= Health Innovation Manchester =

Health Innovation Manchester is an academic health science centre established in October 2017 to drive innovation in healthcare in Greater Manchester. It is closely associated with the Greater Manchester Health and Social Care Partnership.

The Chief Executive is Dr Ben Bridgewater and it is based on the main Manchester University NHS Foundation Trust site.

It has established the Dementia Industry Group, a collaboration with six global pharmaceutical companies.

In November 2018 it announced a £300,000 fund for innovations in the healthcare system in Greater Manchester.
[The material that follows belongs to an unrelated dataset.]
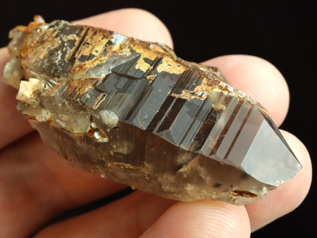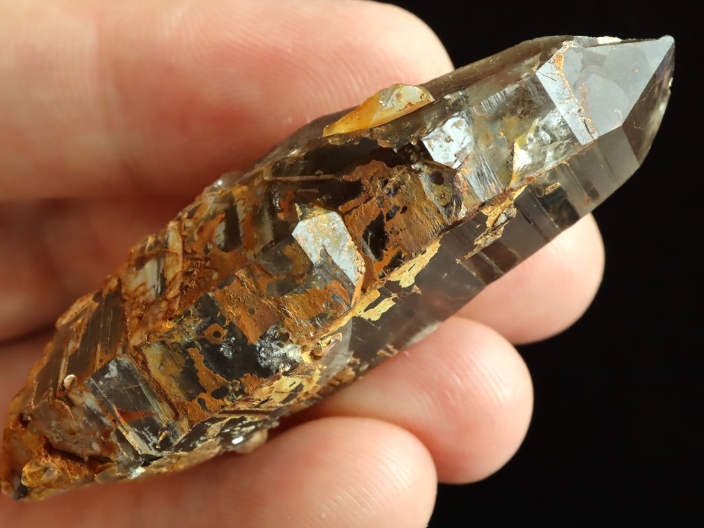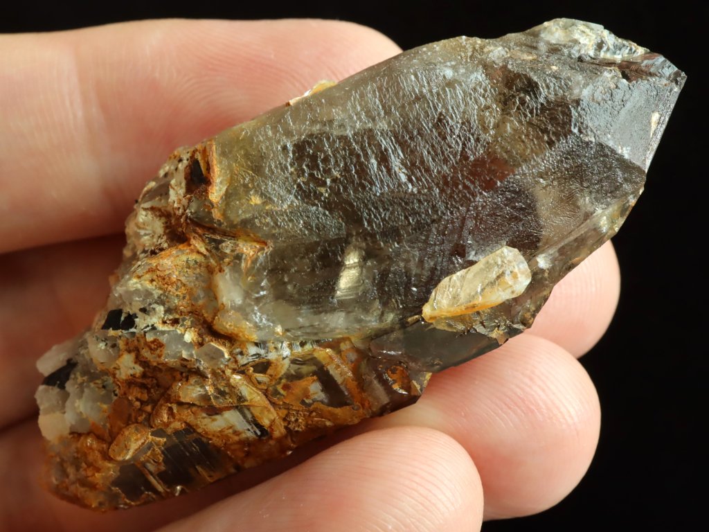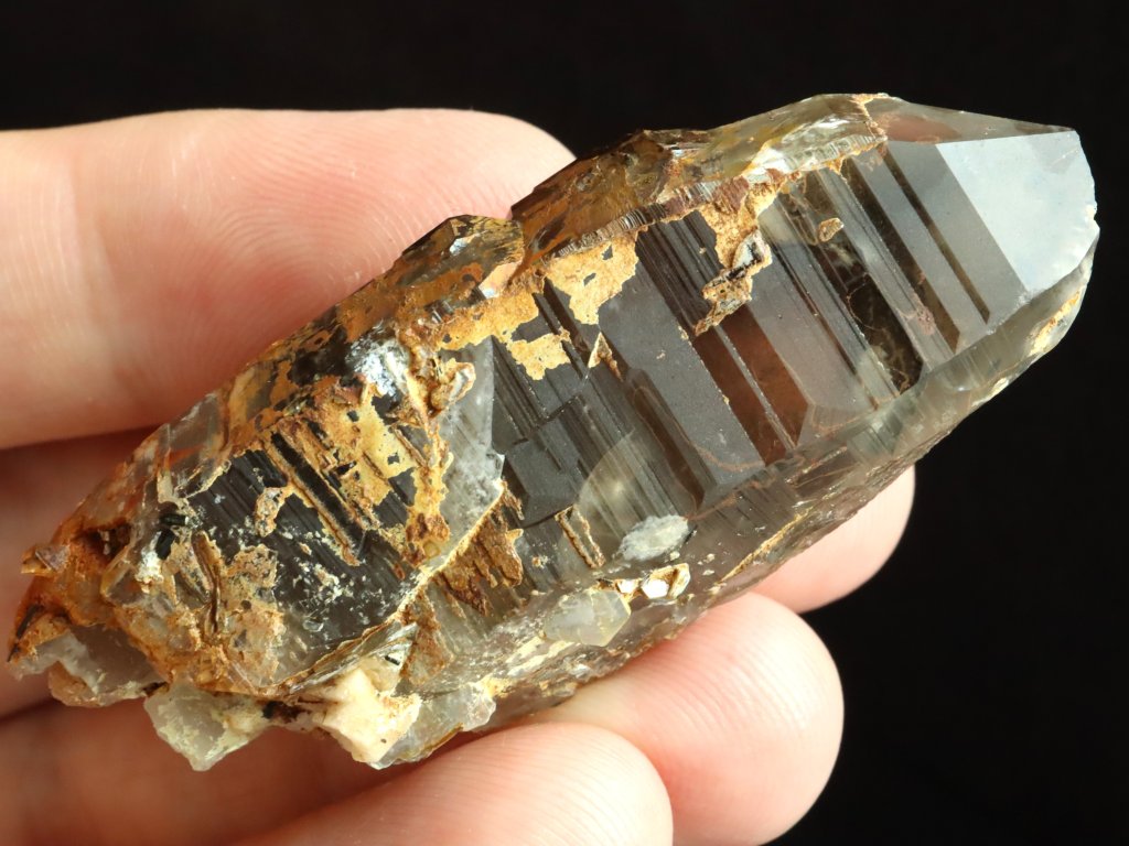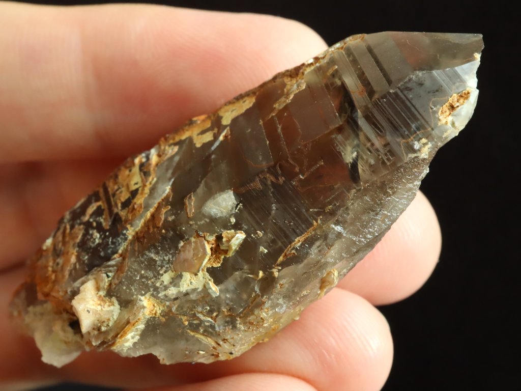 Průsvitný krystal záhnědy / morionu s náznakem dohojení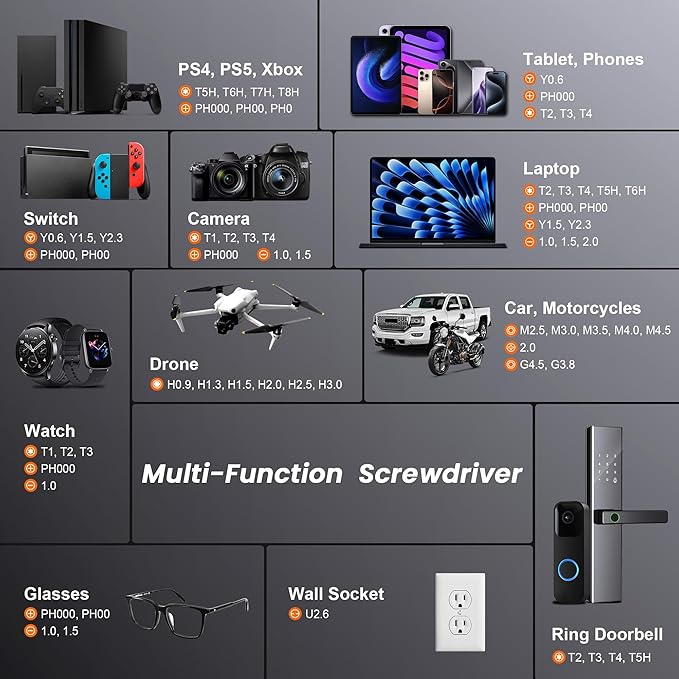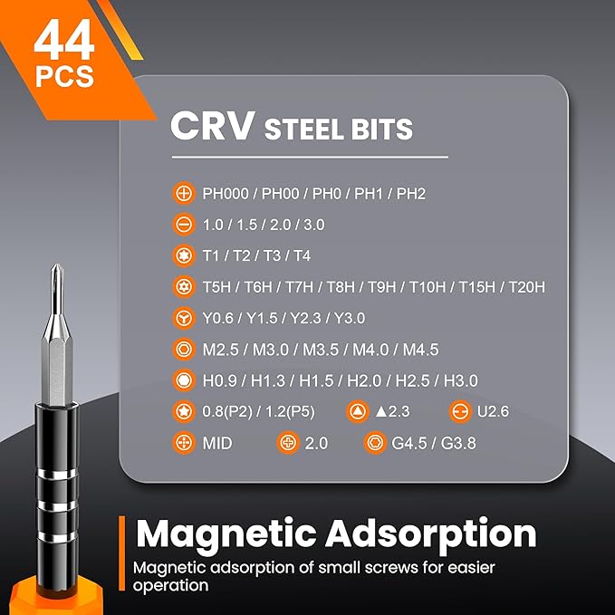 - 【59 in 1 Precision Screwdriver Set】The screwdriver set contains 44 screwdriver bits, Phillips PH000,PH00,PH0,PH1,PH2; Flathead -1.0, -1.5 -2.0,-3.0; Torx T1 T2 T3 T4 T5, Torx security TR6 TR7 TR8 TR9 TR10 TR15 TR20; Triwing Y0.6, Y1.5. Y2.3, Y3.0; Pentalobe P2(0.8) P5(1.2); Triangle 2.3; U-type U2.6; H-type: H0.9, H1.3, H1.5, H2.0, H2.5, H3.0; MID-type: MID; Sleeve: M2.5, M3.0, M3.5, M4.0, M4.5, Cross 2.0, G3.8, G4.5

It supplied the Women’s Care, Help and Inspire Project in Oldham with AliveCor Kardia mobile electrocardiogram devices, used for the detection of Atrial Fibrillation and trained the members to use them so they could perform tests within the South Asian community in Oldham, where it was thought there were many undiagnosed patients.

It announced a partnership with the Association of British HealthTech Industries, to be known as the Greater Manchester Health Technologies Group in November 2018.

Qiagen moved its European Center of Excellence for Precision Medicine into facilities in the CityLabs 2.0 building in October 2021. The partnership between Manchester University NHS Foundation Trust, the University of Manchester and QIAGEN is focused on the integration of different diagnostic data types (‘omics’), predictive biomarkers for early detection of cancer, and better tests for infectious disease and understanding how the body reacts to infection.